Instructions for the task ::
From top to bottom, retype the data exactly, passing over any picture.

Collected data ::
=== Begin Enclosure ===

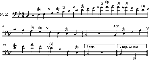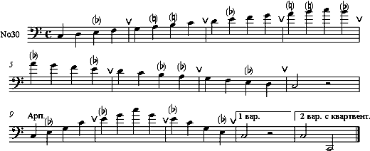 В зависимости от нюанса дыхание следует брать в медленном темпе через четыре четверти, в более быстром – через восемь четвертей. Порядок гамм написан от первой позиции. Их количество для ежедневных занятий определяется преподавателем и студентом.
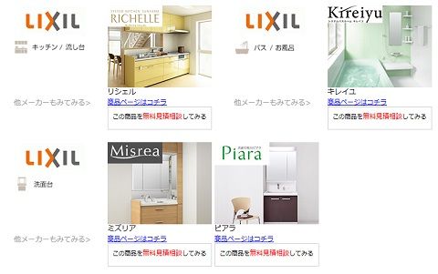 このページは、各メーカーのキッチン・お風呂・洗面台など水まわり設備の
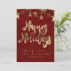 Red Gold Stars Happy Holidays Script Christmas Invitation

=== End Enclosure ===

Answer area ::
 В зависимости от нюанса дыхание следует брать в медленном темпе через четыре четверти, в более быстром – через восемь четвертей. Порядок гамм написан от первой позиции. Их количество для ежедневных занятий определяется преподавателем и студентом.
 このページは、各メーカーのキッチン・お風呂・洗面台など水まわり設備の
 Red Gold Stars Happy Holidays Script Christmas Invitation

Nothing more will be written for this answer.